Robert was mightily relieved.
"Well," Marion said, "if you are going to be our guest at nights you might as well begin now. I am sure that head feels like a very painful turnip. I'll go and make up a bed. Do you prefer a south view?"
"Yes," said Stanley gravely. "Well away from kitchen and wireless noises."
"I'll do what I can."
It was arranged that Bill should slip a note into the door of Stanley's lodgings to say that he would be in for lunch as usual. "She won't worry about me," Stanley said, referring to his landlady. "I've been out for nights before now." He caught Marion's eye, and added: "Ferrying cars for customers; you can do it in half the time at night."
They tacked down the curtains in all the ground-floor rooms to provide some protection for their contents if it rained before morning, and Robert promised to get glaziers out at the earliest possible moment. Deciding privately to go to a Larborough firm, and not risk another series of polite rebuffs in Milford.

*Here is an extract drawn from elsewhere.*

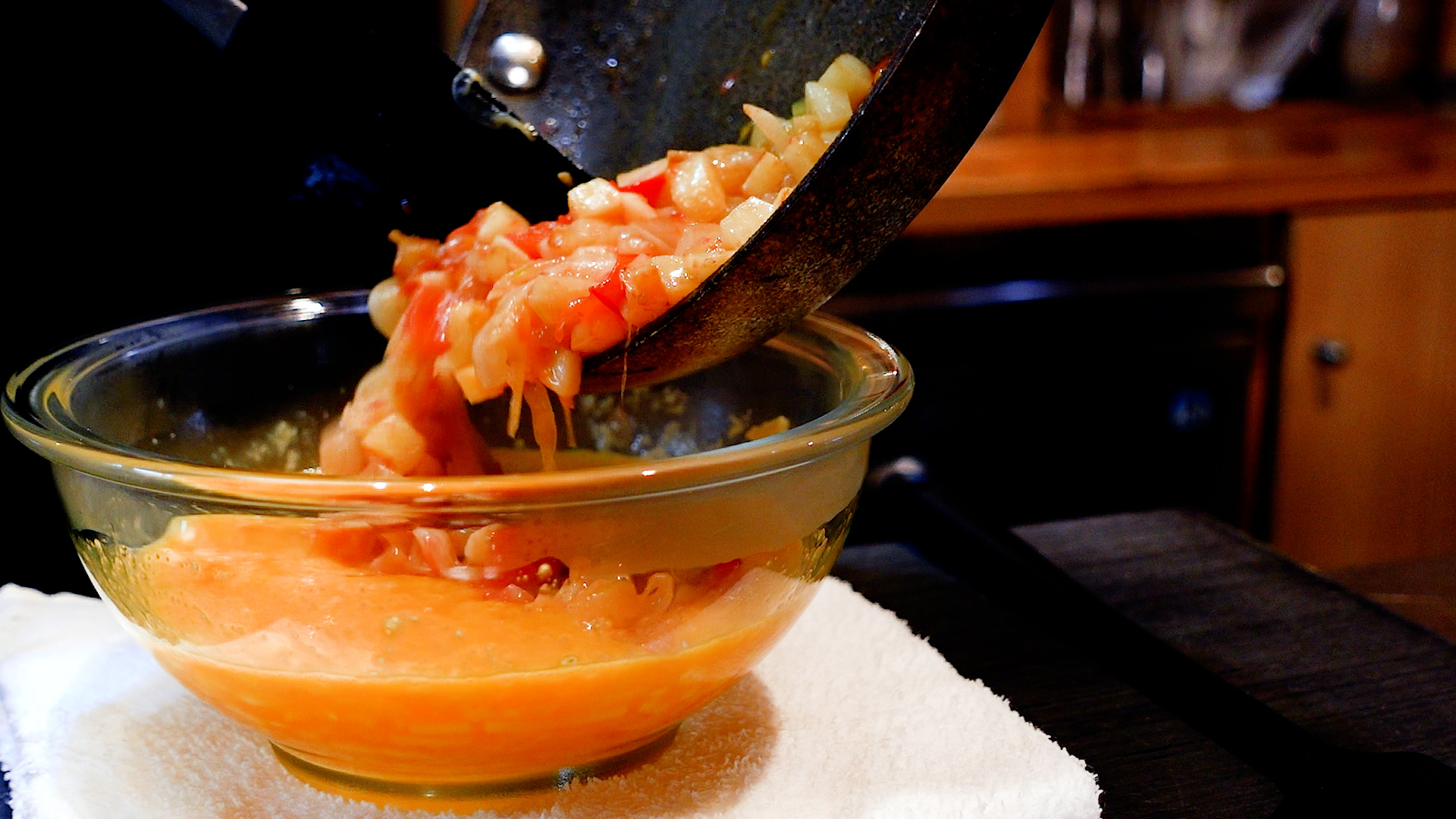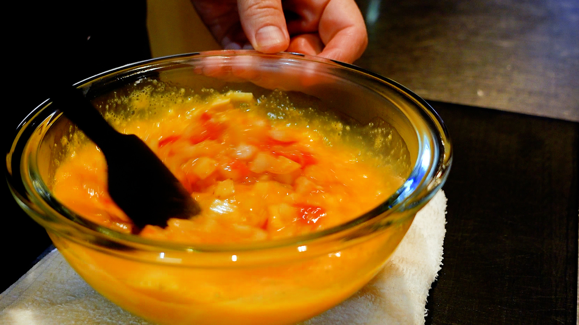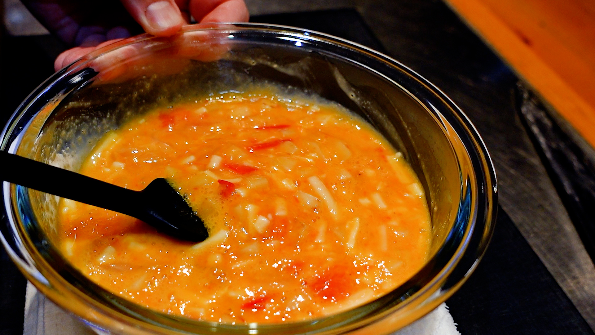 炒めた野菜を卵のボウルに加え、全体をヘラでサクッと混ぜ合わせる。

"And I shall also do something about a key for the gate, so that I can have a duplicate," he said as Marion came out with them to bar the gate, "and save you from being gate-keeper as well as everything else."
She put out her hand, to Bill first. "I shall never forget what you three have done for us. When I remember tonight it won't be these clods that I shall remember," she tilted her head to the windowless house, "but you three."
"Those clods were local, I suppose you know," Bill said as they drove home through the quiet spring night.
"Yes," Robert agreed. "I realised that. They had no car, for one thing. And 'Foreign bitches! smells of the conservative country, just as 'Fascists! smells of the progressive town."
Bill said some things about progress.
"I was wrong to let myself be persuaded yesterday evening. The man on the beat was so sure that 'everyone would go home when it grew dark' that I let myself believe it. But I should have remembered a warning I got about witch-hunts."
Bill was not listening. "It's a funny thing how unsafe you feel in a house without windows," he said. "Take a house with the back blown clean off, and not a door that will shut; you can live quite happily in a front room provided it still has windows. But without windows even a whole undamaged house feels unsafe."